The present invention provides for a process for removing nitrogen containing compounds from tobacco with minimum removal of desired compounds. The process includes the steps of mixing a tobacco containing material with an aqueous solvent to form an extract; the extract is then separated from the tobacco containing material and contacted with an adsorbent material. The adsorbent material is selected from the group consisting of a bentonite and a charcoal material, β-cyclodextrin, cellulose acetate and combinations thereof. The extract is then added back to the tobacco containing material that may or may not have been processed.

Description

CROSS-REFERENCE TO RELATED APPLICATIONS

Not applicable.

STATEMENT REGARDING FEDERALLY SPONSORED RESEARCH OR DEVELOPMENT

Not applicable.

FIELD OF INVENTION

The present invention relates to a process for removal of nitrogen containing compounds from tobacco with minimum removal of desired compounds such as alkaloids, phosphates and other compounds that contribute to the flavor of the smoking article or decrease formation of undesired compounds in the smoke.

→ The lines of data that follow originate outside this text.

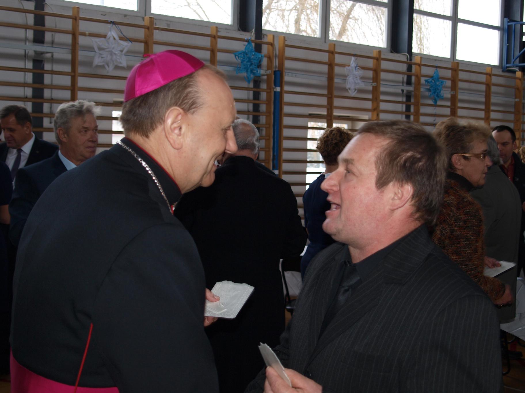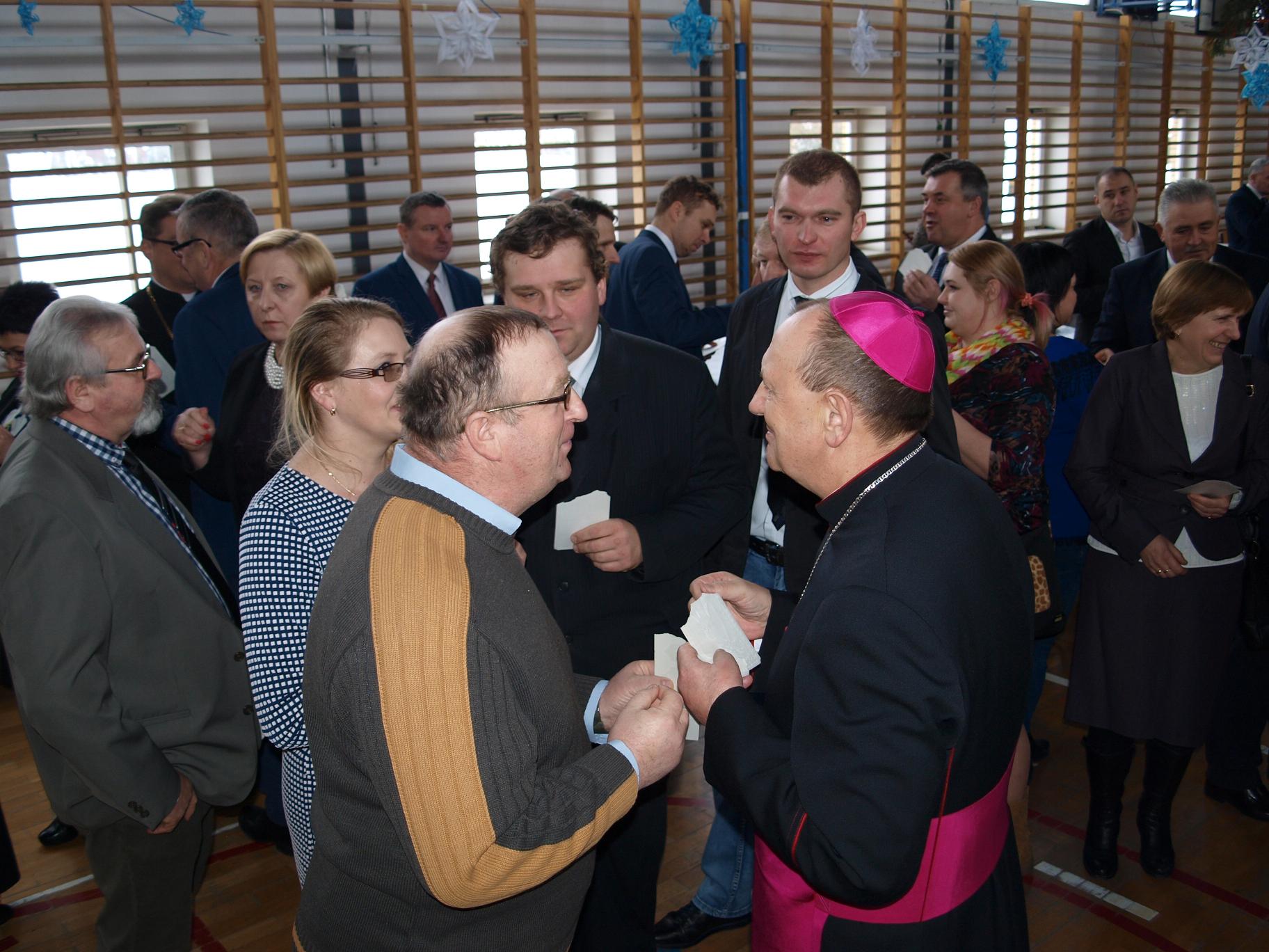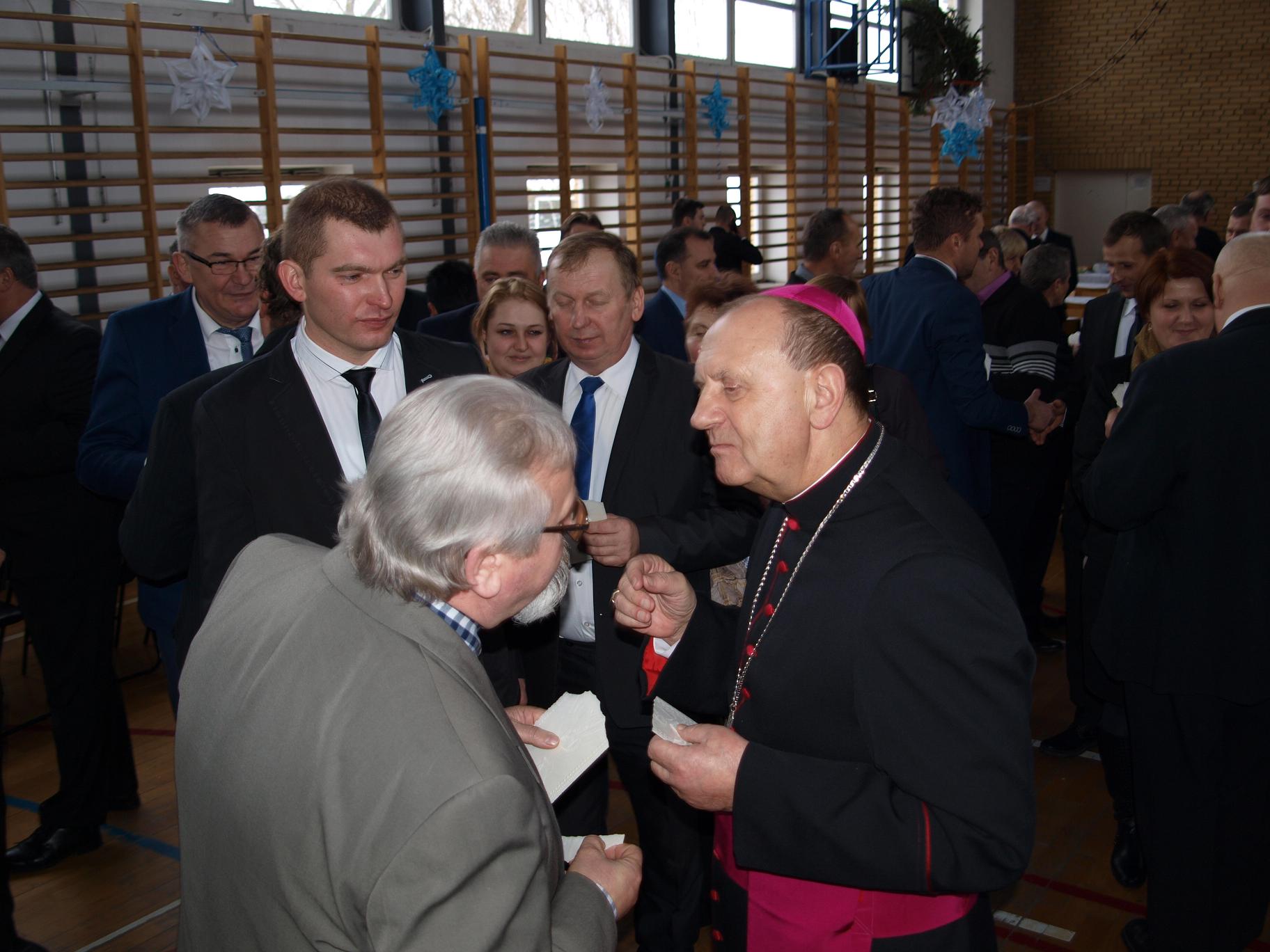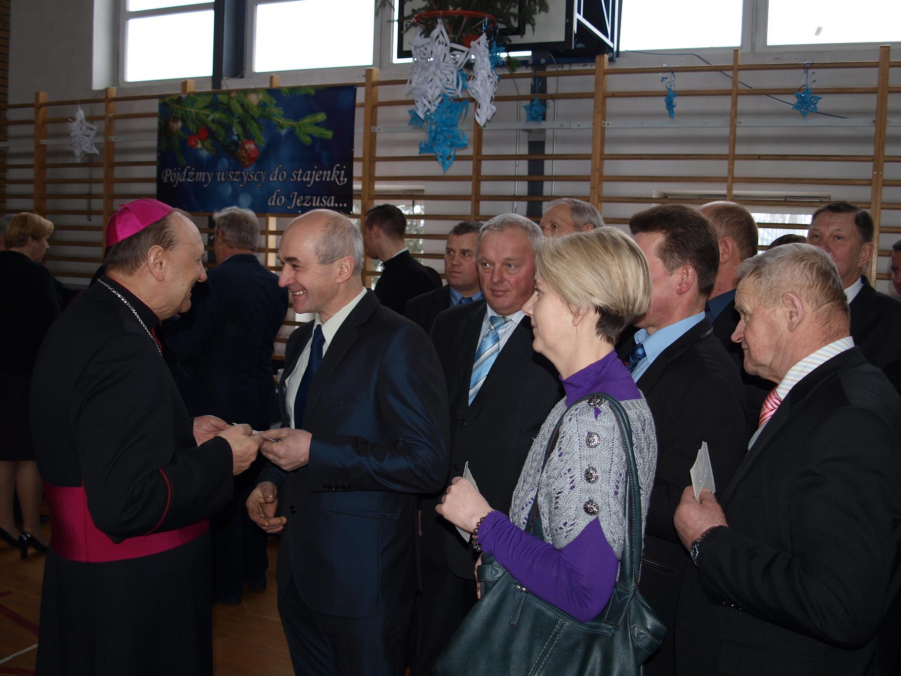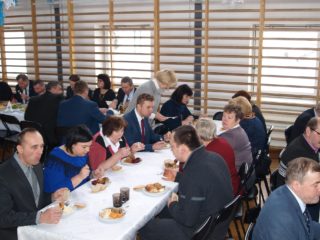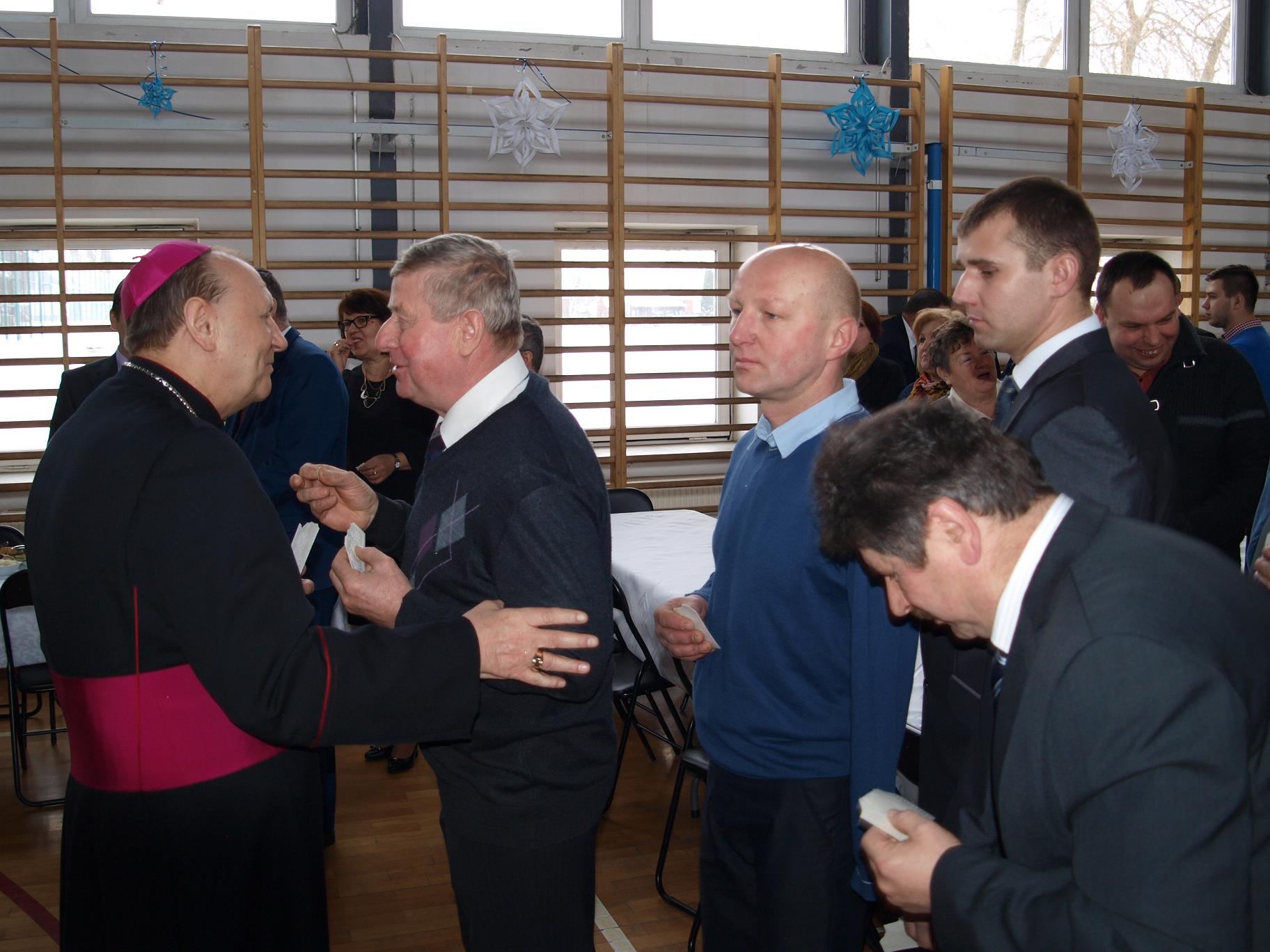 Na drugą część spotkania do pobliskiego Zespołu Szkół w Augustowie zaprosiła wójt Raisa Rajecka. W sali gimnastycznej przywitała przybyłych gości: ks. Biskupa, ks. dziekanów, współgospodarza proboszcza bielskiego ks. prał. Kazimierza Siekierko, ks. prał. Janusza Łoniewskiego – dziekana dekanatu brańskiego, ks. prał. Zbigniewa Niemyskiego – dziekana dekanatu hajnowskiego, włodarzy powiatu i miasta, wójtów, przewodniczącego Rady Gminy Bielsk Podlaski, radnych i drogich sołtysów.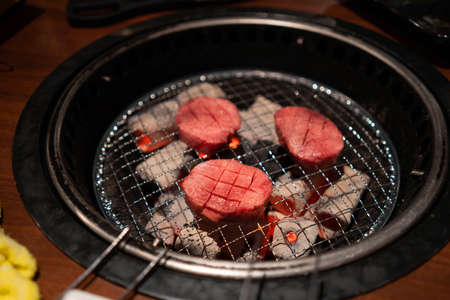 Grilled raw meat beef and pork (barbeque, bbq) a food cooking on wagyu grill in BBQ. yakiniku grill buffet restaurant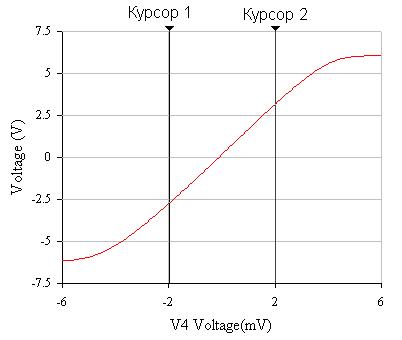 5.10 Исследовать ОУ2, собранный в соответствии со схемой, изображенной на рисунке 2. Для этого из папки ″Исслед. ОУ″ открыть файл ″Рисунок 2″. 5.11 В соответствии с вариантом, заданного преподавателем, установить тип ПТ дифференциального каскада VT1 и VT2, а так же БТ эмиттерного повторителя VT8 из таблицы приложения А. 5.12 Снять характеристику прямой передачи ОУ2 UВЫХ = F(UВХ2). Переменное напряжение сигнала при этом отсутствует UВХ1=0. Характеристику получают методом экспресс анализа следующим образом: в меню EWB выберите опцию Analysis. В открывшемся списке выбрать Parameter Sweep… В окне установить следующие значения: Component - V4: это источник напряжения подаваемого на вход 2; Start Value: -10 мВ начальное значение входного напряжения; End Value: +10 мВ конечное значение входного напряжения; Sweep type – Linear: линейное изменение входного напряжения при анализе; Increment Step Size: 1- приращение входного напряжения при одном шаге; Output Node -19: это точка соответствующая выходу; Sweep for – DC Operating Point: расчет цепи по постоянному току. Выполнить команду – Simulate. На выведенном графике с помощью двух курсоров (рисунок П.1) можно определить входные напряжения х1 и х2, выходные напряжения у1 и у2, а также разницу dх= х1 - х2 и dу= у1 - у2. Кроме того, можно определить максимальные (max) и минимальные значения (min) х и у. Результаты измерений занести в таблицу 4. Таблица 4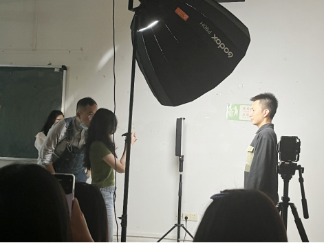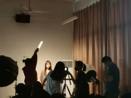 工作坊讲座的实训环节,王灏总监讲解到抖音起号十大技巧的最后一点——做氛围感时,用专业设备实践如何拍摄出一条氛围感的抖音短视频,伟德国际betvlctor教师赵安琪老师与博沃公司摄影师辅助王灏总监手把手教学学生如何打光与环境布置,同学们积极踊跃地担任摄影主角和上手拍摄中。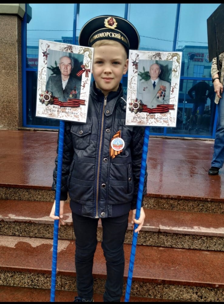 Еще маленький Саша несет портреты дедушек из дома престарелых.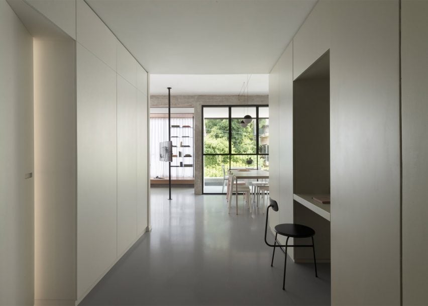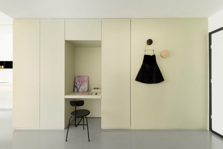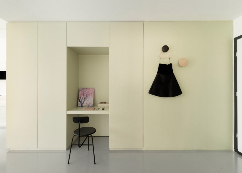 A double sided pale green cabinet extends from the kitchen, down the corridor and to the front door. As well as concealing the fridge and creating ample storage space, it holds a small nook with a study desk.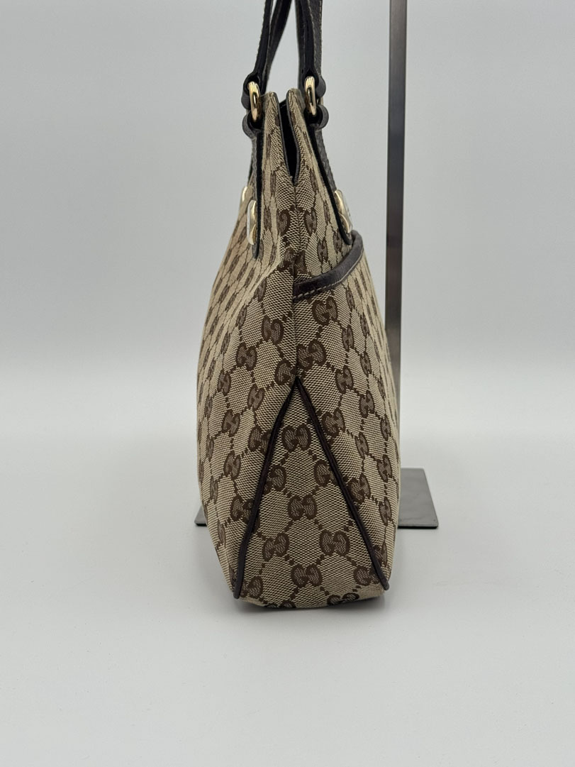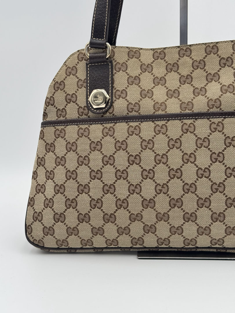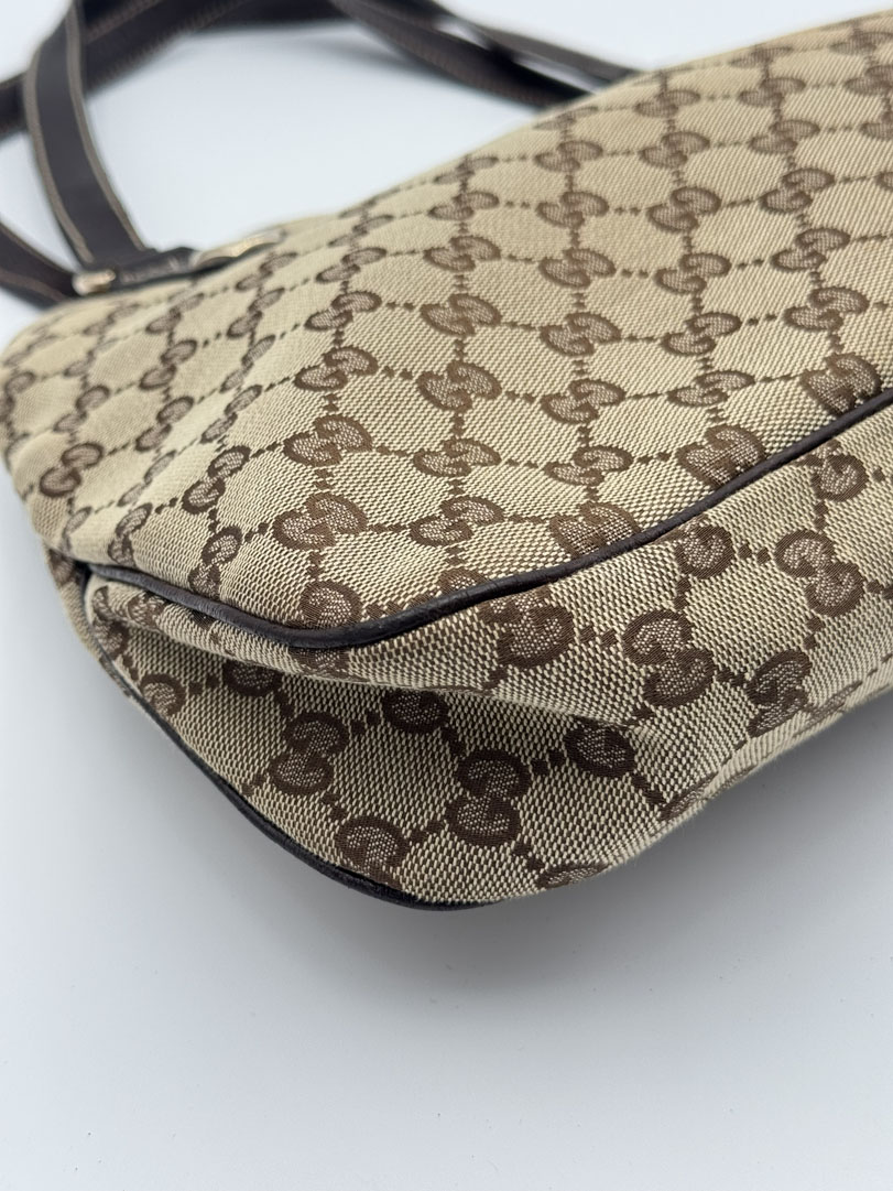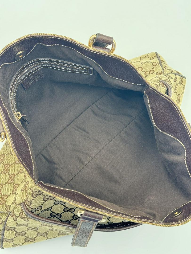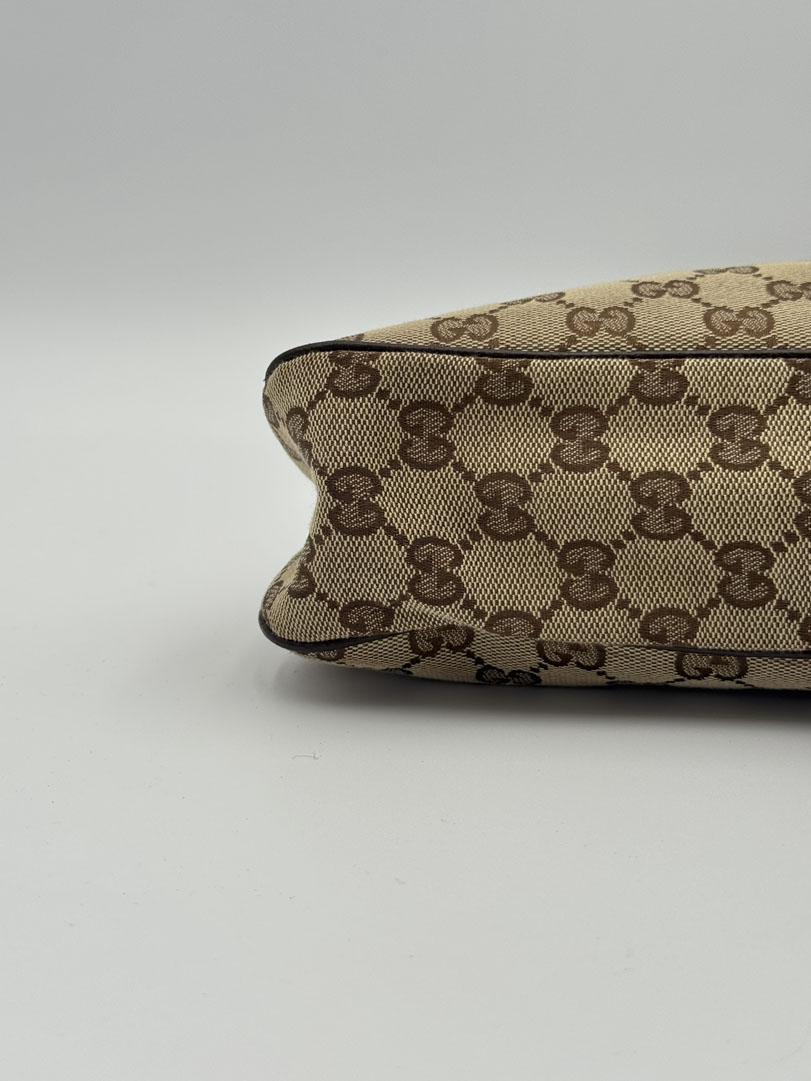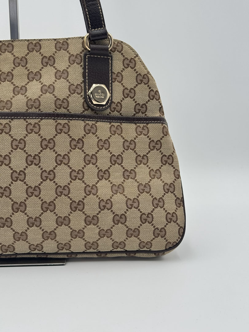 This vintage Gucci Charmy Shoulder Bag is a shoulder bag made from brown GG canvas with champagne-tone hardware. The item is in very good condition, showing some user signs such as wear on the corners. The interior is clean with an extra pocket. The bag fits comfortably over the shoulder. It comes with a dustbag. The serial number is 163288 3444, and the dimensions are 28 x 24 x 6 cm.

BRIEF SUMMARY OF THE INVENTION

Selectivity in tobacco component removal is vital for production of cigarettes with good smoke quality. The present invention involves selective component removal from tobacco by extracting components from tobacco by liquid extraction and treating the tobacco extract with adsorbents and then adding back the treated extract to the tobacco. The tobacco may be in the form of washed lamina, fiber, or fiber formed sheets. The adsorbents can be in the form of organic or inorganic solids such as for example β-cyclodextrin, cellulose acetate, and combinations of bentonite and activated carbon.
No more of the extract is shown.